In certain cases, intimate partners waited to share their stories and explain the circumstances in which they found themselves. After disclosure though, they discovered that people began to offer empathy and expressed a willingness to support.

At work, she [the intimate partner] pinned a leaflet to the wall stating that her husband was palliative. After, you could see that a lot of customers were suddenly startled and much friendlier towards her. People that are otherwise very strict and rigid now showed empathy and became involved. It all feels strange but I think that’s very comforting to her. (SN3-P1)

COVID-19 measures can lead to overly cautious behavior

All interviews were conducted during the COVID-19 pandemic. The fear of infecting the patient and the measures in force at that time resulted in extremely careful behavior and avoiding all physical contact.

Attractor based behavior

In a CAS, attractors shape the behavior of the system. Accordingly, recurring actions of the studied support networks could be framed as a result of their striving toward the following three attractors:

Feeling meaningful and appreciated

Family members and friends as well as professional caregivers illustrated how gratefulness and appreciation sharpened their intrinsic motivation to support the intimate partner. For instance, they attended to the others’ needs, shared meaningful experiences, and did their best to create memorable moments.

I never feel forced to do anything. I do all this of my own will. I’m the daughter-in-law now [hesitates] and I want to be a good one. I want to be there for those people, even in bad times. They are my family now. And above all, I know that I’m also doing my boyfriend a favor. But a simple thank you is already enough. It feels good when you can do something meaningful for them. (SN5-P1)

Recognizing sources of joy and spreading positivity throughout the support network

The participants were attentive to what events could generate happiness and joy. As such, they intended to spread positivity throughout the intimate partner’s support network as often as possible.

I know that they [the patient and partner] love their granddaughters. That’s their source of joy. The more they see them, the better. That’s what makes a person happy. Just seeing them walk around or being able to talk to them. I know that’s important.
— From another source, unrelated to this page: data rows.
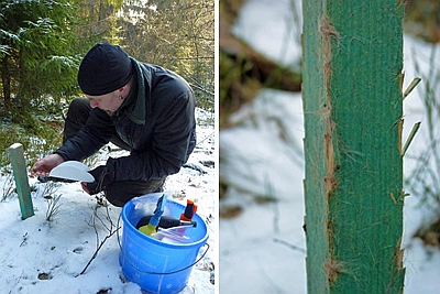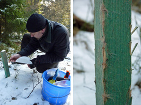 Abb. 4 und 5: Die am Lockstock verbleibenden Wildkatzenhaare werden abgesammelt (links). Rechts Wildkatzenhaare am Lockstock. Fotos: J. Preller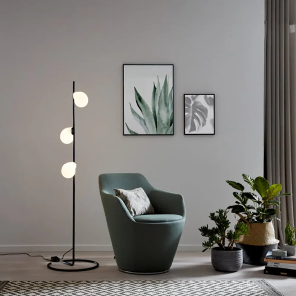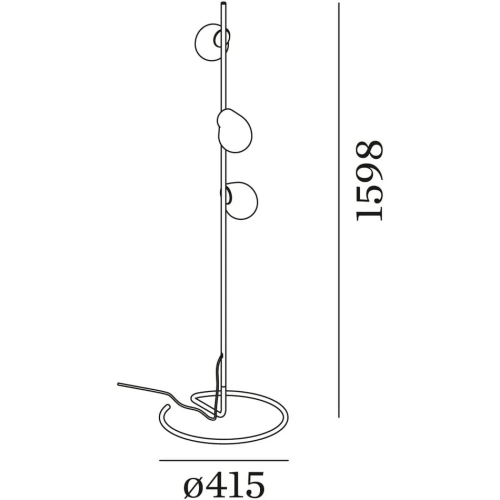 Tre-lys Dro 1.0 Comp gulvlampe med lysdæmper Den tre-lys Dro 1.0 Comp gulvlampe giver ikke kun atmosfærisk, allround accentbelysning, men ser også ud som et smukt dekorativt tilbehør ethvert sted. Tre blæste glas i forskellige højder er fastgjort til den sorte rammestang, som strækker sig opad uden afskærmning, hvilket skaber effekten af dråber, der perler på stangen. G9-lyskilder er indsat i det opalhvide glas og udsender blændfrit lys. Lyskilder med G9-sokkel – herunder energieffektive LED-lamper – kan bestilles separat som tilbehør. En lysdæmperkontakt er indbygget i forsyningskablet, så lysstyrken kan justeres, så den passer til den ønskede stemning.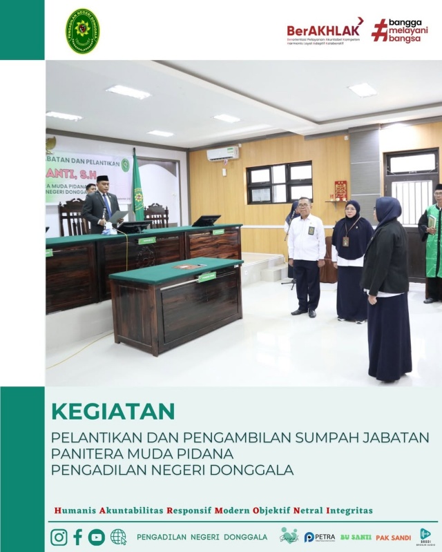 Acara Pelantikan diawali dengan Pembacaan Surat Keputusan Direktorat Badan Peradilan Umum (Badilum) Mahkamah Agung Republik Indonesia dan dilanjutkan dengan pengambilan sumpah jabatan dan kata-kata pelantikan oleh Ketua Pengadilan Negeri Donggala. Acara kemudian dilanjutkan dengan penandatanganan berita acara pelantikan. Acara Berlangsung dengan khidmat dan lancar.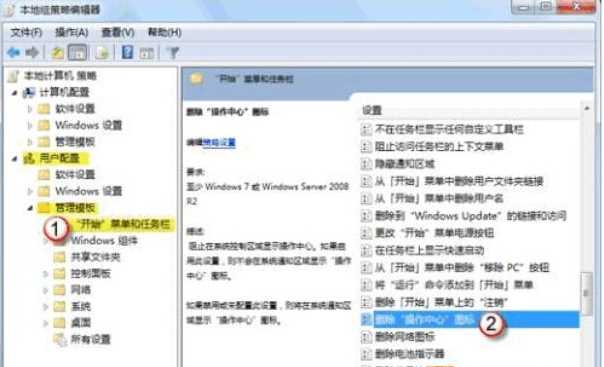 4、那么我们还需要在策略组中进行设置,点击开始菜单,然后在搜索框中输入“gpedit.msc”回车,打开本地策略组后,然后依次展开【用户配置】-【管理模板】-【开始菜单和任务栏】,双击右侧窗口中的“删除“操作中心”图标”,将该项置设为“已禁用”或“未配置”。

And me, well, we are not the kind of people who take a hundred pictures or videos of their children, but we deliberately share these with them more often now. (SN4-P2)

Feeling connected and enjoying each other’s company

The intimate partner’s friends and family shared how they strived to meet as often as possible (e.g., by regularly visiting, inviting the intimate partner for a walk), simply because they enjoyed being together or because they felt strongly connected.
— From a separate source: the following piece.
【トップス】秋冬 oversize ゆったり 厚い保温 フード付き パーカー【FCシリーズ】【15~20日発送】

We also often said to each other: “Shall we go and see how the grass is growing?” [laughs]. So, we sat down on a bench, drank something and talked about all kinds of things, including the cancer and [the patient] and about him [the intimate partner]. He liked this and it was nice for me too. (SN5-P2)

History-based behavior

The history and experiences CAS members share and their mutual relationships can stimulate the dynamic interactions within a CAS as well as paralyze them.

Sharing more experiences and forging closer relationships means assistance is more easily offered and accepted

As a result of closer relationships and shared experiences between the intimate partner and support context members, an increase in assistance was offered and accepted. Moreover, the intimate partner, by accepting help, motivated the support context to put forth more suggestions for help, thereby often overriding the internalized basic rule of leaving the initiative to the intimate partner.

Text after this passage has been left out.